Trainer Clayton Chipperfield will rely on natural improvement and some weight relief rather than tinker with the gear worn by Catalyst (NZ) as he attempts to reverse the result of last Saturday’s thrilling Group 3 C.S. Hayes Stakes (1400m) in a rematch with Alligator Blood in two weeks at Flemington.
Catalyst is unbeaten in blinkers – stringing together five wins with the headgear last year – but Chipperfield said on Monday that he believes his horse does not need the shades to produce a peak performance and turn the tables on the Queensland horse in the $750,000 Group 1 Australian Guineas (1600m) on February 29.
"It’s probably better we don’t put them on because if it ends up another dogfight like that, we’d like for Catalyst to be able to see what’s right beside him," Chipperfield told RSN 927’s Racing Pulse.
"To beaten a half head by an absolute superstar gives us more confidence going into the mile.
"To be off the bridle and have a dogfight for so long and for neither horse to give up was phenomenal to watch and the feedback we are getting is unbelievable. "We are going to see a different horse going into the mile race at even weights that’s for sure."

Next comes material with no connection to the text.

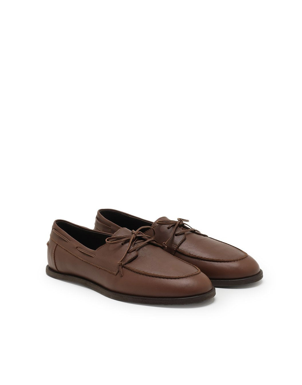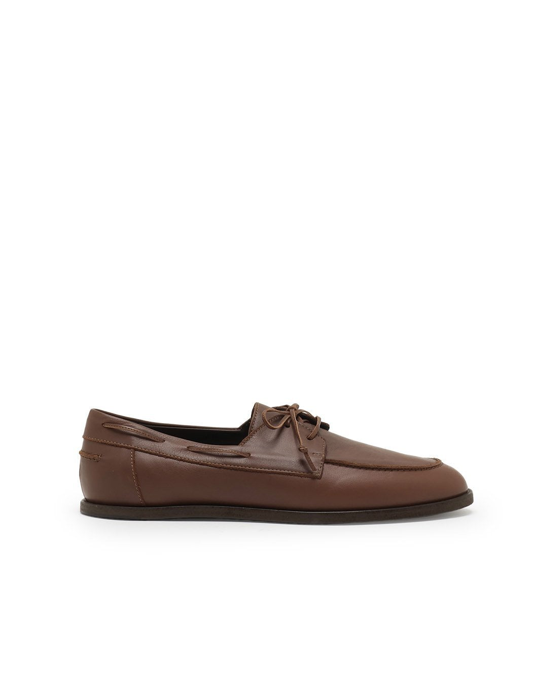上質なカーフレザーを使用した、レースアップタイプのデッキシューズです。きめ細やかでしなやかな牛革が、足元に落ち着いた艶と品格をもたらします。甲部分はモカ縫いを施し、クラシックなデザインに程よい立体感をプラス。レースアップ仕様によりフィット感の調整も可能です。軽快さを備えながらも上品さを損なわない佇まいで、リラックスしたカジュアルからきれいめなスタイルまで幅広く活躍する一足です。

Catalyst (NZ) (left) and Alligator Blood, picture Quentinjlang.com
Catalyst fell just a few centimetres short of reeling in Alligator Blood but Chipperfield said his horse carried a kilogram more than his rival at the set weights and penalty scale and would benefit so much from his first start in Australia.
"I left the racecourse thinking we’d won," he said.
"I was absolutely chuffed with his effort. We used that race to really answer any questions as to whether he can be competitive.
"There’s improvement there for sure. He’s looking for a mile. He needed that first-up run at Ellerslie as he had a good blow and he also had a healthy blow on Saturday as well, although he did pull up very good.
"Nothing really phases him. I don’t think the big crowd and the big track was too much of an issue. Going back to Flemington (for the Guineas) will be an advantage of course but I just want to get to that mile race as that’s the race we’ve set him for."
Jockey James McDonald pulled something of a surprise early in last Saturday’s 1400-metre race when he positioned the horse forward and outside of the leader and hot favourite Alligator Blood.
Chipperfield explained the results in the first few races on the day dictated a change in tactics.
"A few days leading into the race we thought we’d go back from that barrier draw and try and slingshot him (Alligator Blood) but the first three races on the day were on-pace (winners) so we changed our plans pretty quickly," he said.
"We thought we can’t let Alligator Blood get too far away from us because we will not catch him. What he did (jump and go forward) was great to see.
"I didn’t think he would do that because he’s been pretty slow out over here, but he put himself right in the race and didn’t have to do a lot to get there and have Alligator Blood in his view the whole way."